Ao noticiar um empurrão sofrido pelo então
ministro do exército Lyra Tavares numa cerimônia militar, foi convidado a
passar uns dias na prisão. Diz a lenda que ao chegar na cela começou a ser
encarado sob olhos incrédulos de outros detentos que perguntaram: “Você não é o
Zózimo, colunista do JB?” “Sou eu mesmo” respondeu. Depois de um rápido
silêncio, uma gargalhada geral e a conclusão dos colegas: “Os militares
endoidaram de vez. Estão prendendo até eles mesmos”.
Por exemplo, quando noticiou o fato
da atriz Sônia Braga ter ficado de cócoras num discurso presidencial: “No
cinema: É um pássaro? É um avião? Não, é o Super-Homem. No Planalto: É uma
penosa? É uma enceradeira? Não, é a Sônia Braga.”
Esta outra,
Zózimo relatou em sua coluna:
O amigo,
cambaleante, saiu do Antonion´s e, amparado por Carlinhos Oliveira, sugeriu:
− Vamos tomar um táxi?
E Carlinhos:− É melhor não. Não convém misturar.
Frases geniais
O real está
precisando urgentemente de um exame de DNA.
Brega é perguntar o que é chique. Chique é não responder.
Quem pensa em dinheiro não ganha dinheiro.
Hoje quase não há mais famílias, só pessoas jurídicas.
Novo-rico me incomoda muito, mas novíssimo-riquíssimo me
incomoda muitíssimo mais ainda.
O Nordeste bota turista pelo ladrão. O Rio bota ladrão para
turista.
Viver bem é você ter um tipo de
pretensão do tamanho do seu bolso − mesmo com o risco de ficar a um passo da
inadimplência.
O problema de Brasília é o tráfico de influência. O do Rio é
a influência do tráfico.
Depois de uma certa idade, o homem da cintura para cima é
poesia; da cintura para baixo, prosa.
Epitáfio de um hipocondríaco: “Eu não disse?”

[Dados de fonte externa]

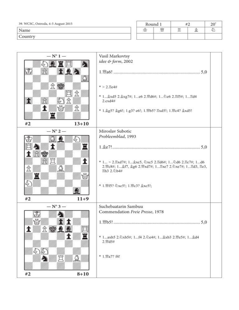 Round 1 ¢ £ 39. WCSC, Ostroda, 4-5 August 2015 Name Country — N° 1 — XIIIIIIIIY 9-+NvlrtR-sn0 9mK-zP-zplsn-0 9-+-+-+-vL0 9+-+Pmk-+-0 9-+-+-tRP+0 9zp-zP-sNP+-0 9-+p+Q+P+0 9+-+r+-+-0 xiiiiiiiiy #213+10 — N° 2 — XIIIIIIIIY 9K+-vLl+N+0 9tRn+p+-+r0 9pzPk+-+-+0 9+-zPR+-+p0 9P+-+L+-+0 9+r+-+-+Q0 9N+-+-+-+0 9+-+-+-vl-0 xiiiiiiiiy #211+9 — N° 3 — XIIIIIIIIY 9-mK-+n+-+0 9+Q+-zpp+-0 9p+Pmklvl-tR0 9+-+-+p+r0 9-+-+-+-+0 9+NsN-+-+-0 9-+n+R+L+0 9+-+-+-+-0 xiiiiiiiiy #28+10 #2 ¦ ¥ Vasil Markovtsy idee & form, 2002 1.£a6!........................................................................ 5,0 ** > 2.¦e4# ** 1...¥xd5 2.¥xg7#; 1...e6 2.£d6#; 1...¤e6 2.¦f5#; 1...¦d4 2.cxd4# ** 1.¥g5? ¥g6!; 1.g3? e6!; 1.£b5? ¦xd5!; 1.£c4? ¥xd5! Miroslav Subotic Probleemblad, 1993 1.¥e7!......................................................................... 5,0 ** 1... ~ 2.¦xd7#; 1...¥xc5, ¤xc5 2.¦d6#; 1...¤d6 2.¦c7#; 1...d6 2.£c8#; 1...¥f7, ¥g6 2.£xd7#; 1...¦xe7 2.¤xe7#; 1...¦d3, ¦e3, ¦h3 2.¤b4# ** 1.£f5? ¤xc5!; 1.£c3? ¥xc5!; Suchebaatarin Sambuu Commendation Freie Presse, 1978 1.£b5!........................................................................ 5,0 ** 1...axb5 2.¤xb5#; 1...f4 2.¤e4#; 1...¥xb3 2.£e5#; 1...¥d4 2.£d5# ** 1.£a7? f4! 20’ ¤ Round 2 ¢ £ 39. WCSC, Ostroda, 4-5 August 2015 Name Country — N° 4 — XIIIIIIIIY 9-+-sN-+-+0 9+-+-zpp+-0 9-mKp+-+-vl0 9sN-zPk+-+l0 9-zP-+Rzprsn0 9+-+-+pzp-0 9-+-+-+-+0 9+L+-+-sn-0 xiiiiiiiiy #37+12 — N° 5 — XIIIIIIIIY 9Nvl-+-sNK+0 9+PzpLzp-wQ-0 9-tr-mkp+p+0 9+-+-tR-+-0 9-wqRzP-+-+0 9+-zp-+-+-0 9l+Ptr-+-+0 9+-+-+-vL-0 xiiiiiiiiy #311+11 — N° 6 — XIIIIIIIIY 9-+-+N+-sn0 9+p+Rzpr+l0 9-+-+-zp-+0 9+-+Pmk-+-0 9L+-zp-+PvL0 9+-zp-+pmK-0 9-zp-zP-sNP+0 9wQq+-+-+-0 xiiiiiiiiy #311+12 #3 ¦ ¥ Volker Zipf 1st honourable mention Freie Presse, 1978 1.¢a7! (> 2.¤c4) 1...¥g6 2.¤dxc6 1...f5 2.¤axc6 ** 1.¤axc6? ¤f5!; 1.¤dxc6? ¤g6! ** 1.¢c7? ¥g7!; 1.¢b7? ¤f5!; 1.¢a6? f2! @ = 1,5 / 3,0 / 5,0 Uri Avner & Shlomo Seider Die Schwalbe, 1987 1.d5! (> 2.¦ee4).............................................................. 1,0 1...c6 2.£f7........................................................... 1,0 1...c5 2.¤xg6......................................................... 1,0 1...£xc4, ¥xc4 2.¦xe6+........................................ 0,5 1...£a5, £b5 2.¤xg6............................................ 0,5 1...¦d4, ¦f2, ¦g2, ¦h2 2.¦xe6+............................ 0,5 1...¦e2 2.¦xe2 ...................................................... 0,5 Yuri Fokin & Nikolai Ivanov 1st prize Baby 50 JT, 1993 1.¥c6! (> 2.¦xe7+) 1...£f5, £g6 2.£e1+ 1...d3 2.£a4 1...bxc6 2.£a5 1...e6 2.£a3 1...¤g6 2.£a7 @ = 1,0 / 2,0 / 2,5 / 3,0 / 4,0 / 5,0 60’ ¤ 39. WCSC, Ostroda, 4-5 August 2015 Name Country — N° 7 — XIIIIIIIIY 9-+k+-+-+0 9+-+l+-+-0 9-+-+-+-+0 9tRP+-+-+-0 9-+-+-+r+0 9zp-zp-+-+-0 9-+-zPK+L+0 9+-+-+-+-0 xiiiiiiiiy =5+5 — N° 8 — XIIIIIIIIY 9L+-+K+q+0 9+-zP-zp-+N0 9-+-+-+-vL0 9+-+P+-+-0 9-+-+-+-+0 9+-+k+-+-0 9-sn-tr-+-+0 9+-+-+N+-0 xiiiiiiiiy =7+5 — N° 9 — XIIIIIIIIY 9-+-+-+-+0 9snp+-+-+-0 9p+-+-+-+0 9+-+-+-vL-0 9N+r+-+-+0 9mkp+-+-+-0 9-+-+-+-+0 9+K+-+-tR-0 xiiiiiiiiy +4+6 Round 3 ¢ £ eg ¦ ¥ Martin Minski Original for Die Schwalbe, 2016 1.¥e4.......................................................................... 2,0 1...¦xe4+ 2.¢d3 ¦a4 3.¦xa4 ¥xb5+ 4.¦c4+............ 2,0 4...¥xc4 5.¢xc3......................................................... 1,0 5...a2 6.¢b2 = 5...¢c7 6.¢c2 ¥a2 7.¢c3 ¢b6 8.¢b4 = 5...¥d3 6.¢b3 = Michal Hlinka & Karel Husák 2nd prize L’Italia Scacchistica, 1992 (correction) 1.¤f8.......................................................................... 1,0 1...¦c2 2.¥c6 ¤c4 3.¥b5........................................... 1,0 3...¢d4 4.¥g7+.......................................................... 1,0 4...¢xd5 5.¥xc4+ ¦xc4 6.¤e3+ ¢d6 7.¤f5+.......... 1,0 7...¢xc7 8.¤xe7........................................................ 1,0 8...¦e4 9.¥e5+ ¦xe5 stalemate 8...£xg7 9.¤e6+ = Abram Gurvich 2nd prize Shakhmaty, 1929 (version) 1.¤b2......................................................................... 1,0 1...¦e4 2.¥e3............................................................ 1,0 2...¤c6 3.¥c5+ ¤b4 4.¤d3 a5 5.¥xb4+................... 1,0 5...axb4 6.¦g8............................................................ 1,0 6...¦e6 7.¦a8+ ¦a6 8.¦xa6+ bxa6 9.¤b2................ 1,0 9...a5 10.¢a1 a4 11.¤c4# 100’ ¤ Round 4 ¢ £ 39. WCSC, Ostroda, 4-5 August 2015 Name Country — N° 10 — XIIIIIIIIY 9l+-+-+-+0 9+-+p+-sn-0 9-+-zP-zp-sn0 9+-+-zp-mkN0 9-+-+PsNLzp0 9+-+-tr-tRr0 9-+-+P+-vl0 9+-+-+-+K0 xiiiiiiiiy H#2 4 sol. 8+11 — N° 11 — XIIIIIIIIY 9-+-+L+-+0 9+-+q+-+-0 9-+-+-zp-+0 9+p+-snp+-0 9-+PzPP+-tR0 9+-+k+-+p0 9K+-+-+-sn0 9+-+-+-+-0 xiiiiiiiiy H#3 b)qd6 c)qd56+8 — N° 12 — XIIIIIIIIY 9-+-+-+-+0 9+-+-zp-+-0 9-+-+-+-+0 9+p+-+-+-0 9-+kzp-+-+0 9zppvl-+-+-0 9ptrpvLp+-+0 9wqnmK-+-sn-0 xiiiiiiiiy H#6 2 sol. 2+14 H# ¦ ¥ Unto Heinonen Die Schwalbe, 2000 I) 1.¦exg3 ¤e6+ 2.¢xg4 ¤xf6# II) 1.exf4 ¥f5+ 2.¢xh5 ¥g6# III) 1.¤xh5 ¥f5+ 2.¥xg3+ ¤xh3# IV) 1.¤xg4 ¤xf6 2.¢xf4 ¦xg4# @ = 1,0 / 2,5 / 4,0 / 5,0 Christopher Jones Original for WCSC 2015 a) 1.¤eg4 exf5 2.¢e4 ¦xg4+ 3.¢xf5 ¥xd7# b) 1.fxe4 dxe5 2.¢d4 ¥g6 3.¢xe5 ¦xe4# c) 1.¤c6 cxd5 2.¢c4 e5 3.¢xd5 ¥f7# @ = 1,5 / 3,0 / 5,0 Wilfried Neef Original for mpk-Blätter 2015 I) 1.¥b4 ¥f4 2.¤c3+ ¢d2 3.d3 ¢e3 4.¤b1 ¢e4 5.¢c3 ¢d5 6.¤d2 ¥e5#........................ 2,5 II) 1.¤h3 ¥xc3 2.¤d2+ ¢xd2 3.£h1 ¥xb2 4.¢b4 ¢d3 5.£a8 ¢xd4 6.£a4 ¥c3#...................... 2,5 50’ ¤ Round 5 ¢ £ 39. WCSC, Ostroda, 4-5 August 2015 Name Country — N° 13 — XIIIIIIIIY 9-vl-+-+-+0 9+-+-+-+-0 9-+-zP-+L+0 9zp-zP-+-+-0 9-+-+-mk-sN0 9+-+-+p+-0 9-+K+-+-+0 9+-+-+-wQ-0 xiiiiiiiiy #46+4 — N° 14 — XIIIIIIIIY 9-+-vL-snN+0 9zpp+lzp-vl-0 9n+p+P+-+0

Quem pensa em dinheiro não ganha dinheiro.
Viver bem é você ter um tipo de
pretensão do tamanho do seu bolso − mesmo com o risco de ficar a um passo da
inadimplência.
A morte
Depois de várias internações, já livre da bebida e do cigarro, entre idas e vindas de Miami, uma forte dor de cabeça prenunciou uma metástase. Sem perder o humor, Zózimo se preocupou apenas em não preocupar os que o amavam. Num de seus últimos momentos de lucidez reservou todo seu talento à Dorita, sua segunda esposa e companheira inseparável naqueles sofridos dias. Registrou com competência e elegância seu último ato de amor: “Não sofra. Está ruim viver. Não me segure aqui. Boa viagem”.
Laconicamente, com todo o poder de
síntese que sempre exerceu com maestria em suas colunas, Zózimo, aos 56 anos,
partia em 18 de novembro de 1997.
Em 2001, devido a identificação do
seu nome com a zona sul da cidade, foi homenageado com a criação de um espaço
no final do calçadão do Leblon, no início da subida da Avenida Niemeyer. No
local uma estátua hiper-realista, reproduzindo Zózimo em tamanho natural,
(1,80m), inspirada na imagem que ele tinha por volta dos seus 40 anos de idade.